At a Board meeting in August, they discussed the evolution of the property insurer of last resort’s funding under new state legislation, concluding that it may result in TWIA opting to reset and perhaps even redeem early some of its catastrophe bonds.

Then, at a meeting earlier in October documents showed that based on last year’s methodology for the blending of risk model weights to derive the PML, at the 1-in-50 year level it suggested it could fall to $4.5 billion for 2026.

As we then explained, given the $2 billion of statutory funding expected to be available and an estimated $200 million in the replenished Catastrophe Reserve Trust Fund (CRTF), it meant the reinsurance and cat bond need for 2026 could be just $2.3 billion.

Which is down significantly from the $4.227 billion of reinsurance TWIA had in-force for this year’s 2025 hurricane season.

In fact, it’s lower even than the $2.45 billion of catastrophe bonds TWIA has in-force, alongside which the property insurer for Texas has $1.777 billion of traditional reinsurance for the current year.

At yesterday’s lengthy meeting the Actuarial and Underwriting Committee demonstrated just how difficult it is to make a recommendation on model blend and weighting to use, especially when its Board could opt for something different and the Board then has to make a recommendation to the Texas Insurance Commissioner, who can also choose a different method anyway.

As we’ve seen in previous meetings, there was a desire not to go with the highest or lowest figures output by the models, rather to find a way to blend them to get a result that sat somewhere around the middle, so not being overly conservative or too low so TWIA remains under-protected.

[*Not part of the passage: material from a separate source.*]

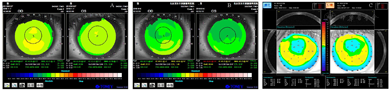 患者1,男,29岁,因双眼近视20余年于2018年1月就诊于北京美尔目润视眼科医院,要求行双眼屈光手术。既往体健,否认慢性病史。术前眼科检查:右眼眼压16.9 mmHg(1 mmHg=0.133 kPa),裸眼视力(UCVA)0.08,最佳矫正视力(BCVA)为-5.75=1.0,角膜厚度574 μm,半暗环境下瞳孔直径5.0 mm,眼底正常。左眼眼压17.6 mmHg,UCVA为0.08,BCVA为-5.00-0.50×70=1.0,角膜厚度570 μm,半暗环境下瞳孔直径5.0 mm,眼底正常。双眼角膜地形图正常,见图1A。诊断:双眼屈光不正。治疗:双眼表面麻醉下行飞秒激光小切口角膜基质透镜取出术(SMILE),术程顺利。术后第1天复查,右眼UCVA 0.5,左眼0.8;右眼BCVA为-2.25-0.75×25=1.0,左眼-0.75-0.50×25=1.0;双眼角膜无异常变化。术后1个月复查,右眼UCVA为0.4;左眼0.5;右眼BCVA为-2.50-0.75×25=1.0;左眼-1.00-0.50×25=1.0;双眼角膜无异常变化。术后6个月复查UCVA、BCVA无变化,角膜无异常,右眼剩余基质厚度410 μm,左眼394 μm,见图1B。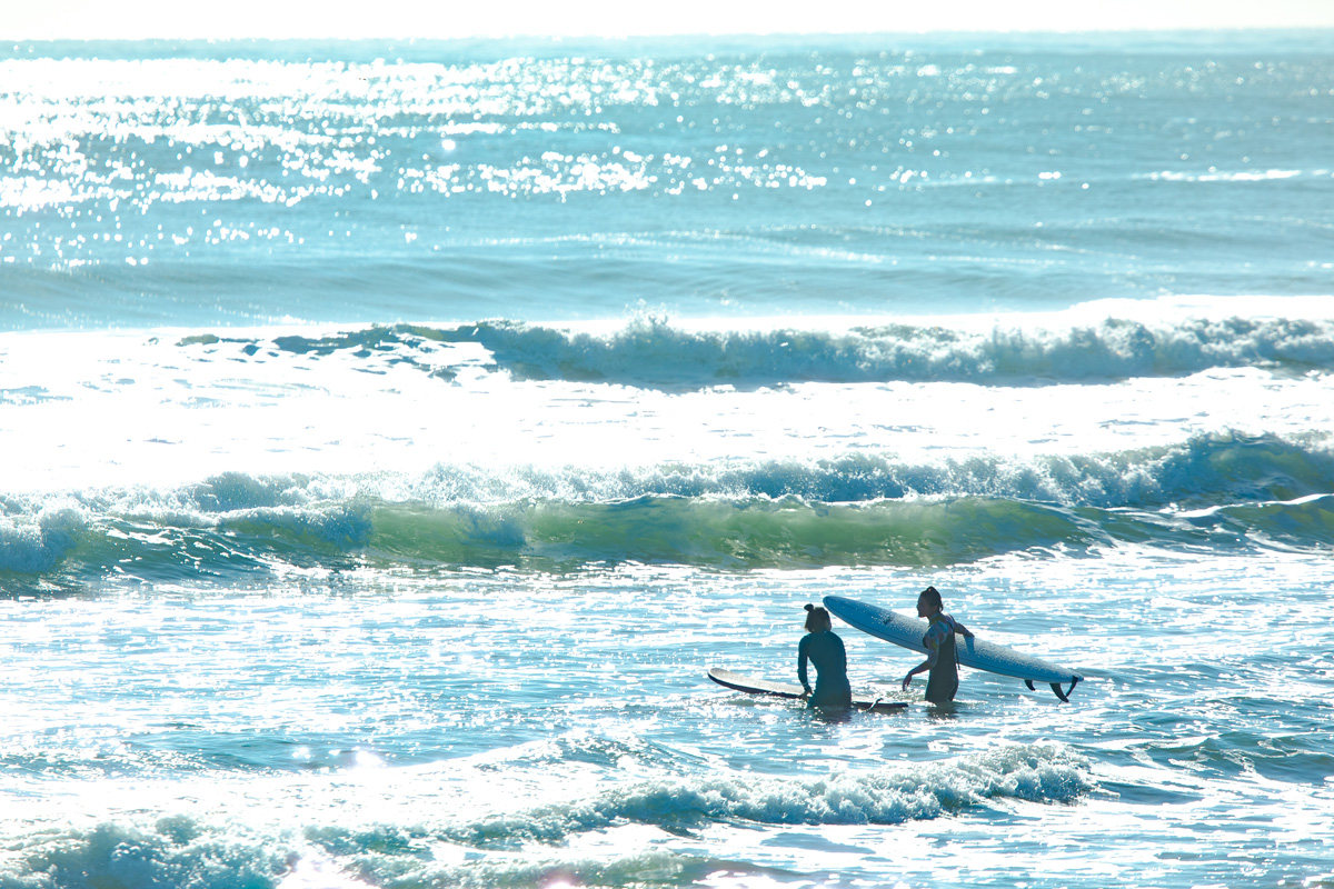 朝イチは仕事前のローカルサーファーで賑わう北泉。とはいえ、湘南や千葉の海と比べると、その数は圧倒的に少ない。トリップサーファーには嬉しい光景だが、地元の人に配慮するなら、その後の時間帯を狙いたい。「平日の昼間などは、かなり人が少ないですよ」。オープンな雰囲気漂う北泉海岸は、ショートボードからロングボード、SUPまでOK。波も十分にある。「近隣には駐車場が整備されていないサーフポイントもあるので、停める場所がわからなかったら地元のサーファーに聞いてみてください」。ルール&マナーを守りながら、楽しくサーフィン! ショートボーダーにも配慮して、みんなで北泉の波をシェアしよう。

Of course, buying reinsurance and cat bonds to just the 1-in-50 year PML is going to leave TWIA exposed to draining its resources when a major hurricane does hit the state, resulting in a drain on state or taxpayer resources, given it will dramatically reduce the amount of reinsurance and cat bond protection that can absorb some of a major storm loss.

The Committee has opted to use a blend of all four main catastrophe models for setting the 2026 PML, Verisk Touchstone version 13, RMS RiskLink version 25, Impact Forecasting version 18, and Cotality RQE version 25.

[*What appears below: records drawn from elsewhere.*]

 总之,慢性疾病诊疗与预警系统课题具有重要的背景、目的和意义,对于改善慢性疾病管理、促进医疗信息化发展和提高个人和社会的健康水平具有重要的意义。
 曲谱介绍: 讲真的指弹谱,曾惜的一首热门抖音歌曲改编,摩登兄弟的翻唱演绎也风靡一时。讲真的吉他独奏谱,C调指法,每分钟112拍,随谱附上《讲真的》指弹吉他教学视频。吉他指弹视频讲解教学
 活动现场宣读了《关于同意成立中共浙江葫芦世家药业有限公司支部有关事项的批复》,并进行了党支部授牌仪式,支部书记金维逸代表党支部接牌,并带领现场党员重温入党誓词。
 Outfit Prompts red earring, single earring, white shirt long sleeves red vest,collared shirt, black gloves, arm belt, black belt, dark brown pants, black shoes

The blend to be recommended is to weight the highest and lowest model outputs at 20% each, the two middle figures by 30% each.

On that basis it is Verisk and RMS cat models that would be given a 20% weighting, the Cotality and Impact Forecasting models would receive a 30% weighting, based on the latest model data available.

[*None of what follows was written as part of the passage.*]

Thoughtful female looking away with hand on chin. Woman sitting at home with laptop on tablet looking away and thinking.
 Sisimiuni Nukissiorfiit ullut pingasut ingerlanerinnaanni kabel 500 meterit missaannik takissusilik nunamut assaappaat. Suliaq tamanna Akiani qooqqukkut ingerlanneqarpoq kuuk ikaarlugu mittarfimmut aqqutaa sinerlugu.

TWIA’s Committee will also recommend using the long-term hurricane frequency assumptions to derive its figure for 2026, so that all historical data is taken into account in the models. The near-term tends to drive a higher PML figure.

In addition, the Committee opted to continue loading the PML with a 15% loss adjustment expense (LAE) amount, to ensure LAE is covered.

However, it’s worth noting that during the meeting one Committee member said LAE is running slightly over 16% on average at this time for TWIA.

So, looking at data from August 31st 2025, if we apply that weighting and methodology, we get to a 1-in-50 year PML for TWIA of approximately $4.32 billion including the LAE.

The actual PML calculations will be made using November 30th 2025 data, so you can expect to add few percentage points of exposure growth to that as well.

So that could get you closer to the $4.5 billion projection the TWIA Board discussed at the previous meeting, aligned with a reinsurance and catastrophe bond need for 2026 of somewhere around the $2.3 billion figure still, although potentially slightly below depending on exposure growth to Nov 30th.

TWIA’s Board will now consider the recommendation at its next meeting in November, but the Insurance Commissioner for Texas needs to approve it in February, before we’ll know exactly what kind of reinsurance and catastrophe bond renewal the insurer will require for 2026.

TWIA has been directly sponsoring catastrophe bonds since 2014 and remains one of the largest sponsors in our cat bond market sponsor leaderboard.